Slides and Useful Information

  • Complete tutorial slides: [.pptx] (5.13 MB) [.pdf] (2.61 MB)
  • Cloud9: A MapReduce Library for Hadoop (tutorials, getting started guides, tips & tricks, etc.)


The ability to scale out to collections tens of terabytes (and soon, petabytes) in size is one of the central challenges facing the academic information retrieval community today. In the near future, working with Web-scale collections will no longer be a luxury, but a necessity. As part of this transition, the community must move from designing algorithms for individual machines to designing distributed algorithms that run on large clusters. The MapReduce programming model provides a convenient framework for organizing distributed computations that exhibits good "scale out" characteristics on clusters of commodity machines. With the release of the open-source Hadoop implementation, academic researchers now have ready access to a cost-effective tool for tackling Web-scale problems.

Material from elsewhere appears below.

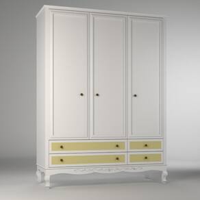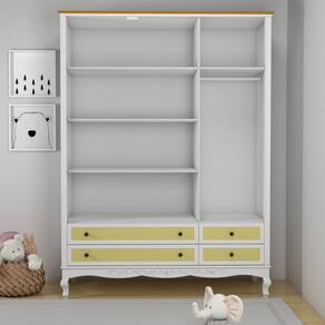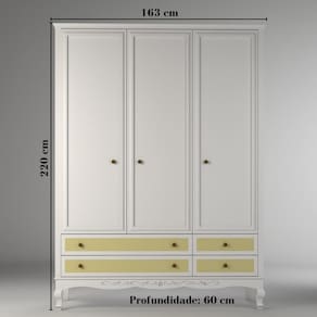Guarda Roupa Infantil 3 Portas 4 Gavetas Versailles Plus Timber Branco. Móveis clássicos, trazendo o estilo provençal com muita sofisticação. Com design charmoso e arabescos entalhados, os móveis da linha Versailles deixam o quarto digno da realeza. O guarda-roupa Versailles possui uma estrutura robusta e durável, pois utiliza em sua fabricação madeira maciça e MDF de 2,5cm de espessura. A sua base é reforçada, elevando o aspecto clássico e dando maior durabilidade. O acabamento de alto padrão traz: pintura laca, palha talagarça aplicada nas gavetas e arabescos entalhados. Puxadores de metal. Possui corrediças telescópicas largas, de alta resistência nas gavetas. E dobradiças soft close nas portas, com fechamento com amortecimento. Tem amplo espaço interno, com 5 prateleiras e 1 cabideiro. Disponível nas versões 1,40mt e 1,60mt. Marca: Timber Ean: 7908308793149

The goal of this tutorial is to provide an accessible introduction to those not already familiar with MapReduce and its potential to revolutionize academic information retrieval research. This full-day tutorial will be divided into two parts: the morning session will cover fundamental MapReduce concepts, while the afternoon session will focus on hands-on exercises with Hadoop.

The emphasis of this tutorial is scalability and the tradeoffs associated with distributed processing of large datasets. The tutorial will cover "core" information retrieval topics (e.g., inverted index construction) as well as related topics in the broader area of human language technologies (e.g., distributed parameter estimation, graphs algorithms). Content will include general discussions of algorithm design, presentation of illustrative algorithms, relevant case studies, as well as practical advice in writing Hadoop programs and running Hadoop clusters.

Thanks to the generous support of Amazon Web Services (AWS), participants in this tutorial will be supplied with free AWS credits which can be applied to Amazon's Elastic Compute Cloud (EC2). With this "utility computing" service, users can rapidly provision Hadoop clusters on the fly without needing to purchase any hardware. EC2 allows interested researchers to experiment with Hadoop at a reasonable cost, before committing to large capital investments necessary to acquire and maintain dedicated clusters.

Instructor Bio

Jimmy Lin is an associate professor in the iSchool at the University of Maryland. He joined the faculty in 2004 after completing his Ph.D. in Electrical Engineering and Computer Science at MIT. Jimmy's research interests lie at the intersection of information retrieval and natural language processing. He leads the University of Maryland's efforts in the Google/IBM Academic Cloud Computing Initiative (ACCI), which includes a grant from the U.S. National Science Foundation. Jimmy has taught two semester-long "cloud computing" courses on MapReduce and has given numerous talks about data-intensive text processing to a wide audience.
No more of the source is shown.